The Renewables Infrastructure Group (TRIG) has announced an update to its investment management agreement and the introduction of a continuation vote.
Management fee arrangements
Further to the announcement of 25 February, and after extensive consultation with a broad range of the company’s shareholders, the board has agreed with its managers, InfraRed Capital Partners and Renewable Energy Systems that the annual management fee under TRIG’s investment management agreement and operations management agreement will be applied to an equal weighting of:
(i) the average of the closing daily market capitalisation during each quarter; and
(ii) the published net asset value for the quarter.
The fees will be payable in cash, and the existing management fee thresholds and rates will remain unchanged.

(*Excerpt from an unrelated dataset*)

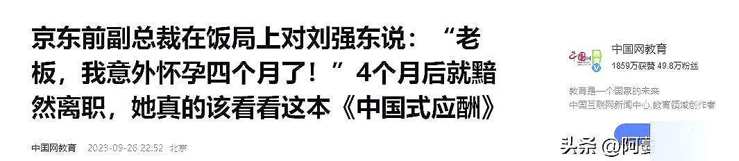(来源:中国网教育,2023-9-26《从饭桌到离职:京东前副总在刘强东面前坦白怀孕,四月后离职,若懂得《中国式应酬》或结局不同》)

The previously proposed takeover and transaction fees will not be introduced. The notice period under both the IMA and OMA will remain 12 months.

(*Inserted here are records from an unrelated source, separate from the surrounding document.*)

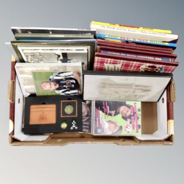A box containing Newcastle United memorabilia, photograph books, Newspaper cuttings, annuals to include The Dandy, Oor Wullie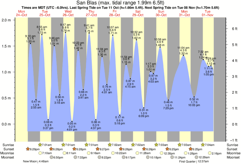 Tide Times are MST (UTC -7.0hrs). Last Spring High Tide at San Blas was on Fri 05 Dec (height: 1.84m 6.0ft). Next high Spring Tide at San Blas will be on Sun 21 Dec (height: 1.65m 5.4ft).
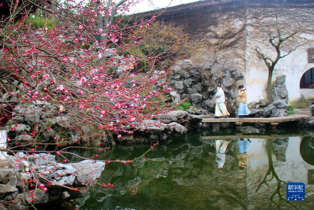 2月10日,游人在江蘇蘇州古典園林藝圃?xún)扔^(guān)景賞梅。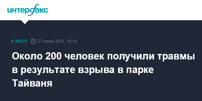 Москва. 27 июня. INTERFAX.RU - Примерно 200 человек пострадали в результате сильного пожара, вспыхнувшего в одном из парков на севере Тайваня, сообщают в субботу тайваньские СМИ.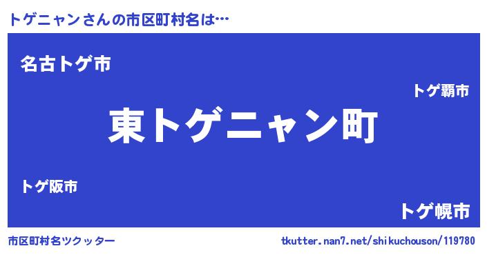 | 男性向けラノベタイトル風あだ名 | 『トゲニャンの憂鬱』 |

The new fee arrangement will apply from 1 April 2025. At the prevailing share price, this change will result in a reduction in the ongoing, annualised management fee by 28% or 0.3p per share, compared to the management fee paid in 2024.

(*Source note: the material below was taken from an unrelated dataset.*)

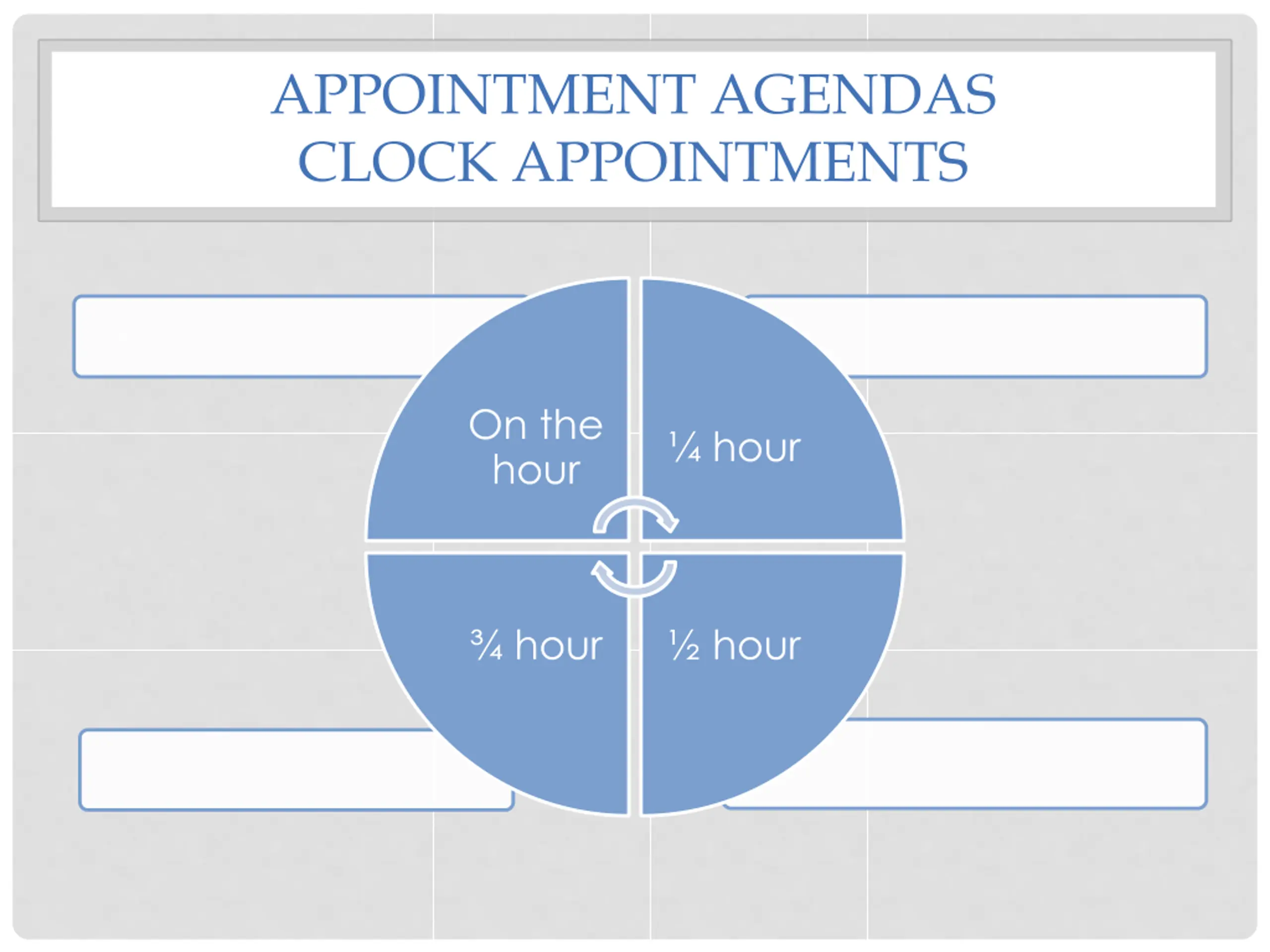 APPOINTMENT AGENDAS CLOCK APPOINTMENTS On the hour hour hour hour

Richard Morse, chairman of TRIG, commented: “Having listened to shareholders and carefully considered their feedback, the board has refocused and updated its original proposals. As a result, the management fees will now be based on 50% market capitalisation and 50% published NAV. We believe that these ongoing fees strike an appropriate balance between incentivising the managers to focus on medium- and long-term NAV accretion through active management of the portfolio and the company’s share price performance.”
Continuation vote
In addition, in line with good corporate governance practices, the board intends to put forward a resolution to amend its articles of association at the forthcoming AGM in June to incorporate a continuation vote. If passed, a continuation vote will be proposed as an ordinary resolution at the company’s AGM if in any preceding financial year (the first being FY ending 31 December 2025) the company’s shares have traded on average at a discount of more than 10% to the NAV per share.